Se llamaba Sult, nombre común para los perros en el rural gallego y que tiene su origen en la despectiva alusión al mariscal que comandaba las tropas napoleónicas en la Batalla de Elviña. Su único pecado fue ser un cruce Husky y Malamute que fue a parar a las bondadosas pero inexpertas manos de una mujer anciana, que ya había tenido y seguía teniendo en su atareada vida suficientes luchas que librar.
No todos los propietarios valemos para cualquier perro, y Manola se vió pronto superada por el fuerte carácter de su cachorro, que aprendió por su cuenta a defender sus recursos con estrategias de defensa activa, sin por ello dejar de ser un perro cariñoso con sus dueños.
Cuando me llamaron ya había mordido a su dueña en dos ocasiones, defendiendo su comida ante malinterpretados pero torpes acercamientos.
Tenía 6 meses, era cariñoso y juguetón, pero no se le había enseñado a inhibir la mordida ni se le había hecho entender que no había necesidad de proteger comida o juguetes.
Sult demostró ser un alumno aplicado, y Manola demostró ser una mujer buena pero vencida por años de duro trabajo que aún seguía ejerciendo en su huerta y cuidando de un marido inválido.
Tras unas cuantas sesiones comprobamos que aquella era una paraje abocada al fracaso, principalmente por la incapacidad meramente física de atender las necesidades mínimas de activiad del cachorro. Y Manola me pidió entre lágrimas que le ayudara a buscar un buen hogar para Sult, en el que manos más competentes, jóvenes y con más tiempo, se ocuparan del él.

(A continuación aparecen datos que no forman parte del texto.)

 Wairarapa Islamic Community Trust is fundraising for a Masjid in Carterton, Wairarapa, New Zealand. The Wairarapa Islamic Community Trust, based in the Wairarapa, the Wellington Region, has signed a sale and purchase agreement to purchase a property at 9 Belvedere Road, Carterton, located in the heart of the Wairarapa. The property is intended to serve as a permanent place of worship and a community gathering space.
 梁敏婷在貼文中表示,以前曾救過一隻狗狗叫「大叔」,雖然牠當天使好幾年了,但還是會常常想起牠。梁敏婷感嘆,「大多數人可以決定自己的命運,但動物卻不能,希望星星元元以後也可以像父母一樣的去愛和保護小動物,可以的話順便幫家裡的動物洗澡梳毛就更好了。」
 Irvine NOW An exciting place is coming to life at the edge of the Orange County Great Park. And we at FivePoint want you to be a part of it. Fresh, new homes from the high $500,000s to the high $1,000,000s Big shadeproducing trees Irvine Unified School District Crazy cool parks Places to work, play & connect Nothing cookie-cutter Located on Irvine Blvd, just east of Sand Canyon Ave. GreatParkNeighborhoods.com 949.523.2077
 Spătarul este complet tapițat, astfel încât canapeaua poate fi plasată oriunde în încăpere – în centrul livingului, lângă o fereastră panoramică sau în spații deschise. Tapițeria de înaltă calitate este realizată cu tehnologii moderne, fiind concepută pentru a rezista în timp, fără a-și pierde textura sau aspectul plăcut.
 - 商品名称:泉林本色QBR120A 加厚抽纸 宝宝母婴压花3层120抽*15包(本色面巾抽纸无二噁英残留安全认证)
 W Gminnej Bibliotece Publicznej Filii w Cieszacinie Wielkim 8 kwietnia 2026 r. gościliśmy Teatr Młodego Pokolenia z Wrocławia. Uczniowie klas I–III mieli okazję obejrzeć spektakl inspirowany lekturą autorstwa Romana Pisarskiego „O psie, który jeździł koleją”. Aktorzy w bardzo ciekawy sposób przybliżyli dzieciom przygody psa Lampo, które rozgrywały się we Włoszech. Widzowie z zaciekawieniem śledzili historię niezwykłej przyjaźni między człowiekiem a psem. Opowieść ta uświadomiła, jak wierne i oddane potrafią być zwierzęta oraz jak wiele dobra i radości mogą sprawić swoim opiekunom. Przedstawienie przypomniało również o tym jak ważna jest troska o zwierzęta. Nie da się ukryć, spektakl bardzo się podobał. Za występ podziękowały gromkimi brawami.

Acudí a una página web para dar en adopción perros de origen nórdico cuyos dueños no podían o no sabían proporcionar el tipo de vida y educación que sus genes demandaban. La respuesta vino de una familia del otro extremo de la península, y aunque en principio habíamos deshechado cualquier forma de entrega que no fuera la presencial, lo urgente de la situación me hizo optar por la única posibilidad que los adoptantes admitían: el envío del perro por mensajería.
Informamos a los interesados de todo el historial de Sult, sin omitir ningún detalle cuya ausencia pudiera implicar una decisión poco fundamentada o imprudente. Las escucharon con atención y le quitaron hierro al asunto, autoproclamándose ex-criadores, expertos guías caninos y buenos conocedores de las particularidades de los nórdicos.
Atendiendo a las demandas de la anciana, que no sabía cómo proceder ni cómo gestionar el proceso, me hice cargo personalmente del envío, y me dirigí a la empresa de mensajería genérica que realizaba servicios de transpote de mascotas. Cuando llegamos a la sede local de MRW me explicaron que debía aportar una jaula, de la que el perro no saldría en las 24 horas que duraría el trayecto, incluyendo una parada en el centro logístico de Madrid.
Fuí plenamente consciente de lo que para Sult podría suponer esa experiencia. Y aún así, accedí, cansado de gestionar e implicarme en un problema que no era el mío, y autoengañándome pensando que era lo mejor para todos.
Sult llegó totalmente estresado, y se negó a abandonar su habítaculo ante los forcejeos de un chófer con prisas y de unos nuevos propietarios que resultaron ser tan incompetentes como mezquinos. A la fuerza lo sacaron, y ante la fuerza se defendió, aunque en esta ocasión tan sólo con una amenaza y una actitud huidiza, pero que inauguró una relación marcada por la desconfianza mutua.
Los autoproclamados expertos, ávidos consumidores de lugares comunes sobre el rango y la jerarquía, no tardaron ni media hora en poner a prueba la tendencia a la protección de la comida de Sult, a pesar de de la advertencia explícita sobre este particular, y las indicaciones concretas de cómo continuar la estrategia que exitosamente habíamos empezado.
Pronto realizaron un conveniente y estúpido diagnóstico de la agresividad de Sult en base a pasadas e inventadas experiencias de maltrato que lo convertían en un ejemplar irrecuperable.
Ante el exceso de su verborrea y la falta de su disposición a buscar ayuda profesional, localicé y contacté en la zona con un colega de profesión cuya trayectoria y referencias me despertaron confianza. Me llamó al rato, diciendo que su conversación con los adoptantes había versado sobre todo sobre el precio del servicio, que a entender de estos era excesivo.
Tras sacrificarlo, tuvieron los santos cojones de llamarme para, tras anunciarme la noticia, preguntarme cuando tendría camada de esos perros tan bonitos que yo criaba, y si los enviaría a domicilio.
Aunque mi respuesta fue negativa, me faltó aplomo para decirles algo más, supongo que porque pese a todo, sabía que fui yo quien envió a Sult a la muerte.